Update: watch out if you use this

(This was probably a stupid idea anyway.)

This has the side effect that server sets response Content-Type to whatever the first value in the request's Accept header is! (E.g. text/plain instead of the correct application/json.)

After noticing that, I got rid of this customisation and settled went with Spring's default behaviour (respond with 415 error if request does not have correct Content-Type).


Original answer:

MappingJackson2HttpMessageConverter javadocs state that:

By default, this converter supports application/json and application/*+json. This can be overridden by setting the supportedMediaTypes property.

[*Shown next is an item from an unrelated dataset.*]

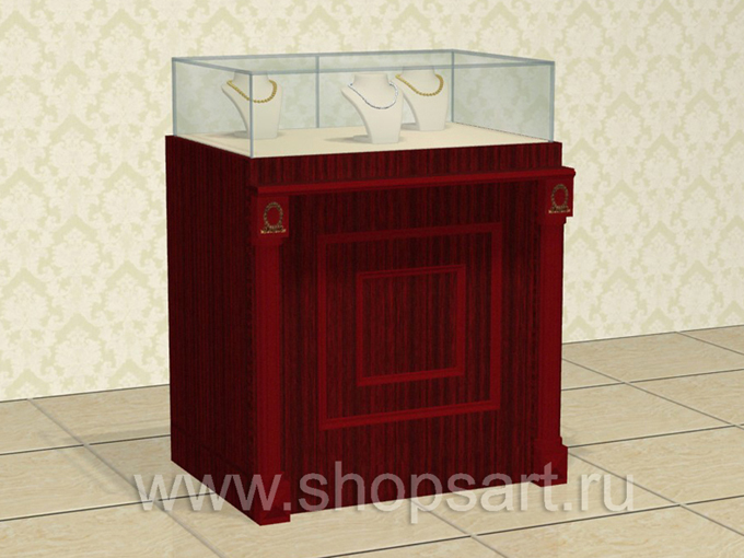 Линия ювелирных прилавков в сочетании с высокими кубами, изготавливаются из ЛДСП, с декоративными элементами из массива дуба. Стеклянный колпак из стекла 8мм., склейка УФ, дверки распашные. Золотая фурнитура (замки и петли). Высота 1100мм., ширина 800мм., глубина 582мм., козырек 70мм. На все прилавки устанавливается мастер ключ. Ножки регулируемые. Цоколь — металлизированный пластик.
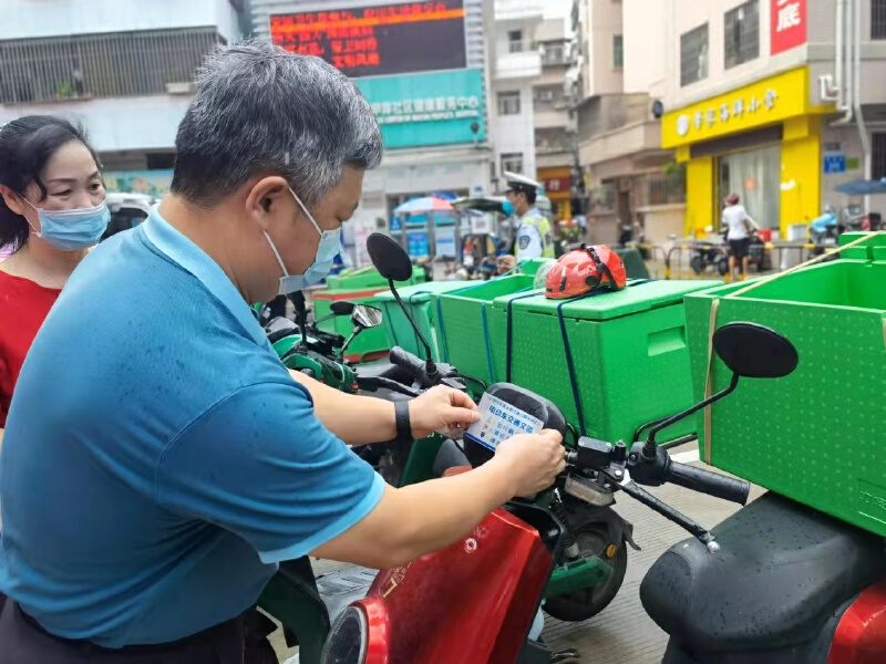 为了使“出行戴头盔、酒后不驾驶、请勿闯红灯”等电动车出行重点要求时时可见,处处可学,甲岸社区党委特别定制了3000张“电动车交通文明”反光警示牌。在启动仪式上,街道、社区工作人员和志愿者协助快递外卖小哥的电动车车头醒目位置贴上警示牌,并发放“暖蜂”慰问品。后续还将由社区工作人员带头,到甲岸村3个电动车主要出入口,为进出居民的电动车也贴上警示牌,营造出“举手投足都在讲文明”的良好氛围。

...which pointed me towards a pretty simple solution that seems to work. In main Application class:

@Bean
public MappingJackson2HttpMessageConverter mappingJackson2HttpMessageConverter() {
    MappingJackson2HttpMessageConverter converter = 
        new MappingJackson2HttpMessageConverter(new CustomObjectMapper());
    converter.setSupportedMediaTypes(Arrays.asList(MediaType.ALL));
    return converter;
}

(CustomObjectMapper is related to other Jackson customisations I have; that contructor parameter is optional.)

This does affect all requests, but so far I don't see a problem with that in my app. If this became a problem, I'd probably just switch the @RequestBody parameter into String, and deserialise it manually.